What we’ve been up to lately

As Joy mentioned in in her post Mountains in the Rearview Mirror, we flew back to the west coast to visit Joy’s mom in Seattle and my dad in San Francisco. We also squeezed in a few visits with a small subset of ourBay Area friends.

We then flew back to Denver and spent several days driving around Colorado to see National Parks and National Monuments with long-time friend, Marc Fajer (Tony’s friend from Stanford undergrad days, Joy’s “starving grad student apartment-mate”, and the best man at our wedding). Among other sites, we drove to destinations that we had previously cycled near (or somewhat near) but that were too far for us to detour to visit on bicycles. Sitting inside an air conditioned car, we thought nothing of driving hundreds of miles to visit sites we’d bypassed previously. Cars are truly revolutionary in terms of how we think about distances!

We got to Rocky Mountain National Park, Dinosaur National Monument (which required that we cross back into Utah), and Black Canyon of the Gunnison National Park. In Rocky Mountain, we were lucky to see both elk and moose. We also swung by Georgetown so we could ride on the narrow gauge Georgetown Loop Railroad. I particularly recommend visiting Dinosaur National Monument.  The three-story quarry wall with hundreds of exposed dinosaur bones is one of the most amazing things I’ve ever seen. I also highly recommend Black Canyon. It’s an astoundingly beautiful canyon, though the viewpoints are not kind to folks who have a fear of heights.

And we’re off! (again)

This morning we resumed our bicycle trek. Our goal was to ride from Boulder to Greeley. Because we’d been out of the saddle for ten days, we wanted to start with a reasonable ride – roughly 55 miles with not much climb (roughly 1,000 feet of climbing). By and large it was a great ride. The initial portion of the ride was on Colorado’s wonderful bike trails, which keep you far away from car traffic and often wander along lovely streams which are both interesting to look at and provide respite from the heat.

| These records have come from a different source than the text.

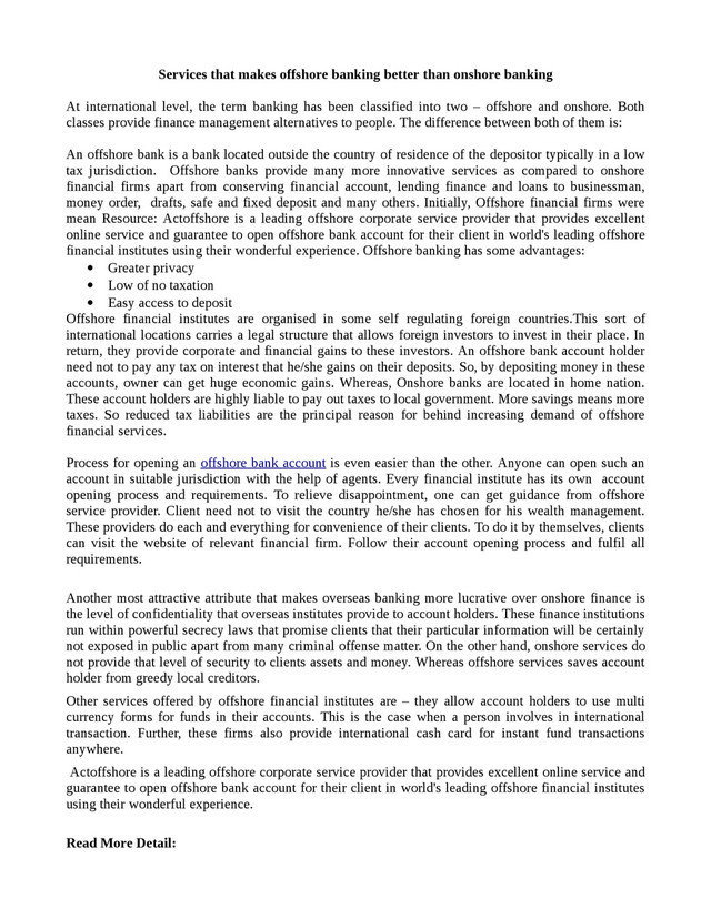 international level, the term banking has been classified into two – offshore and onshore. Both classes provide finance management alternatives to people. The difference between both of them is: An offshore bank is a bank located outside the country of residence of the depositor typically in a low tax jurisdiction. Offshore banks provide many more innovative services as compared to onshore financial firms apart from conserving financial account, lending finance and loans to businessman, money order, drafts, safe and fixed deposit and many others. Initially, Offshore financial firms were mean Resource: Actoffshore is a leading offshore corporate service provider that provides excellent online service and guarantee to open offshore bank account for their client in world's leading offshore financial institutes using their wonderful experience. Offshore banking has some advantages: • Greater privacy • Low of no taxation • Easy access to deposit Offshore financial institutes are organised in some self regulating foreign countries.This sort of international locations carries a legal structure that allows foreign investors to invest in their place. In return, they provide corporate and financial gains to these investors. An offshore bank account holder need not to pay any tax on interest that he/she gains on their deposits. So, by depositing money in these accounts, owner can get huge economic gains. Whereas, Onshore banks are located in home nation. These account holders are highly liable to pay out taxes to local government. More savings means more taxes. So reduced tax liabilities are the principal reason for behind increasing demand of offshore financial services. Process for opening an offshore bank account is even easier than the other. Anyone can open such an account in suitable jurisdiction with the help of agents. Every financial institute has its own account opening process and requirements. To relieve disappointment, one can get guidance from offshore service provider. Client need not to visit the country he/she has chosen for his wealth management. These providers do each and everything for convenience of their clients. To do it by themselves, clients can visit the website of relevant financial firm. Follow their account opening process and fulfil all requirements. Another most attractive attribute that makes overseas banking more lucrative over onshore finance is the level of confidentiality that overseas institutes provide to account holders. These finance institutions run within powerful secrecy laws that promise clients that their particular information will be certainly not exposed in public apart from many criminal offense matter. On the other hand, onshore services do not provide that level of security to clients assets and money. Whereas offshore services saves account holder from greedy local creditors. Other services offered by offshore financial institutes are – they allow account holders to use multi currency forms for funds in their accounts. This is the case when a person involves in international transaction. Further, these firms also provide international cash card for instant fund transactions anywhere. Actoffshore is a leading offshore corporate service provider that provides excellent online service and guarantee to open offshore bank account for their client in world's leading offshore financial institutes using their wonderful experience. Read More Detail:
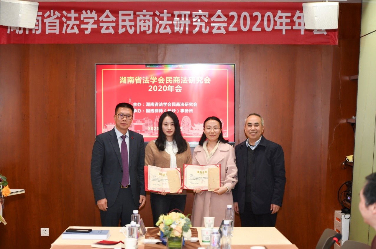 在本次会议的闭幕式中,湖南省法学会民商法研究会副会长、湖南省高级人民法院研究室主任陈坚法官致辞,对年轻一代的学者提出了殷切期许。肖海军教授宣布了“国浩律师(长沙)事务所青年学术基金”优秀论文获奖人名单,以此鼓励年轻学者和硕博研究生。经湖南省民商法研究会学术委员会评审,共评出一等奖论文2篇、二等奖论文6篇、三等奖论文9篇、优秀奖论文20篇。国浩律师(长沙)事务所冠名本届青年优秀论文奖并提供奖金。国浩律师(长沙)事务所罗峥主任并与研究会会长、副会长一起向获奖者颁奖。
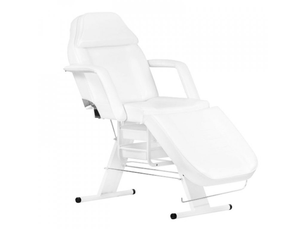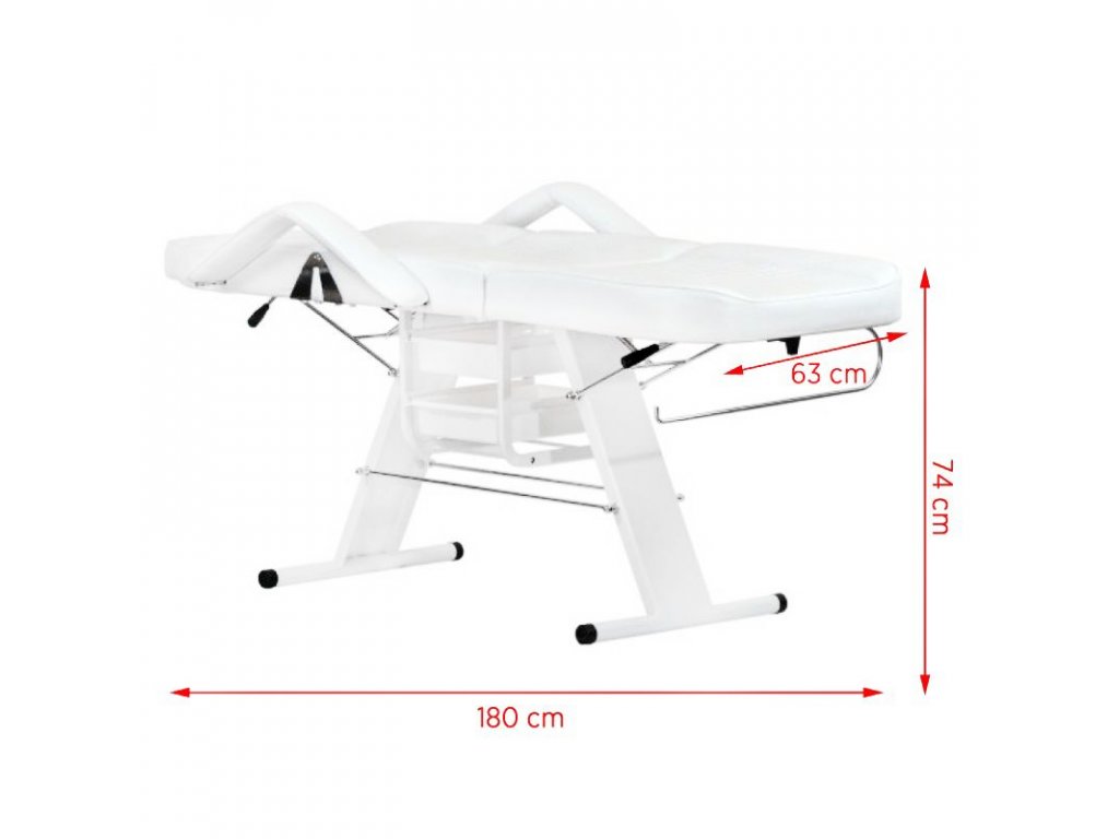 A gyönyörű kivitelezésű kozmetikai kezelőágy kozmetikai és masszázs szalonokban történő professzionális használatra szolgál. A szék támlái állíthatóak, használható fotelként vagy masszázs kezelésekhez vízszintes helyzetbe is állítható. A praktikus fejpárna levehető, így a masszázs kezelések alkalmával használható az arclyuk kivágás. Az oldalsó kartámlák ugyancsak könnyedén levehetőek.

Google map lady had us zig zagging along country roads (not all of them paved) and except for a stretch along highway 119, we mostly spent the day cycling through farm land, including expansive fields of chest-high corn and broad swaths of knee-high wheat. (I had always assumed wheat was as tall as corn, but, apparently, most strains of wheat are short). It’s worth noting that these were the first corn and wheat fields we’ve seen on the trip. Certainly not our last! We also experienced our first cicadas of the trip. To my west coast ears, the high pitched cicada song sounds like a barber’s electric sheers and not something natural. 

Although today’s ride wasn’t too horrible, the last few hours were pretty tough. The route we were following through farmland meant that there was rarely any shade. Official temperatures got up to 97 degrees and Joy’s Garmin recorded 108 degrees (the asphalt radiates heat up at us) so hot days particularly suck. The heat also warms up the water and Gatorade in our bottles. Warm Gatorade is not a pleasant culinary experience. In mid-morning we took a long break in a coffee house. In the afternoon we took temporary shelter from the heat by wandering the aisles of a Walgreens, examining everything they had to offer before heading out for the final hour of cycling.

We know that we have a lot more hot days of cycling ahead of us and we’ll likely resort to what we were doing in Utah – getting up at 4:30 or 5:00 am and starting our cycling day no later than 5:30 so that we can be done before the brutal heat sets in.